MA: A device I chose to get the story right was to craft my two main characters, JoJo and Bronka Lubinski, as fraternal twins. I wanted to explore the range of reactions and behaviors of children of survivors. Incidentally, I’m married to an identical twin and I see that although the brothers look alike and have the same mannerisms and health issues, their values and character are very different. Although they were in the womb together and had the same environment growing up, they have different souls. I thought using twins would show that while all children of survivors carry the family legacy, their reactions run the gamut. As I learned from my friends, neither survivors nor their children can be painted with one brush stroke. I wanted to focus on the complexity of the experience.
YZM: Let’s talk about Judy; if she follows Jewish practice and raises her kids as Jews, shouldn’t that be enough? Do you think excluding her from the faith is the right thing to do?

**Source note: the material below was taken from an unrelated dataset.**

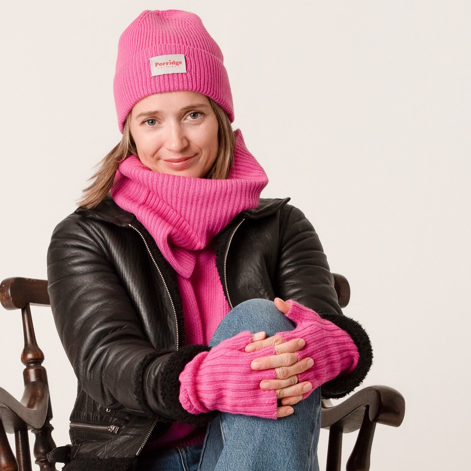 The Cashmere Wrist Warmers in Pink by Porridge Knitwear bring warmth and femininity to your winter look. Crafted from a luxurious wool-cashmere blend in peonie pink, they're soft, stylish and endlessly wearable.

MA: This is a difficult question. In some ways Judy is a metaphor for the divisions in the organized Jewish community today. In the Reform Movement, her children would be accepted fully as Jews, and she would be a participating member of the congregation. In more traditional branches, her children would not be considered Jewish, and neither she nor they could receive ritual honors, such as being called to the Torah. They would have to undergo a ritual conversion to be fully accepted as Jews. In Shadows We Carry I wanted to raise the issue of Jewish identity – and the larger issue of bloodlines. Are we defined by our genes or our environment – nature vs. nurture? I raised this concern because more than three-quarters of those Jews who are marrying today are marrying out of the faith. How non-Jews are included and welcomed into the community varies widely. I’m not a rabbinic scholar, but it’s an issue that should be raised and discussed.
YZM: Anything else that you wish I’d asked?
YA: Shadows We Carry discusses attempts to track down and deport Nazis who lied their way into the U.S. after WW II. It also discusses neo-Nazis. Unfortunately, neo-Nazis are still on the march in the United States. We saw it in Charlottesville with men carrying tiki torches and chanting, “Jews will not replace us.” Antisemitic emails, graffiti, and vandalism are increasing. Antisemitic hatred is now at a record high. Sadly, Jews at synagogues, kosher markets and in the streets are being targeted and shot. It’s hard to believe that 78 years after Hitler was defeated, his hatred of Jews continues to flourish.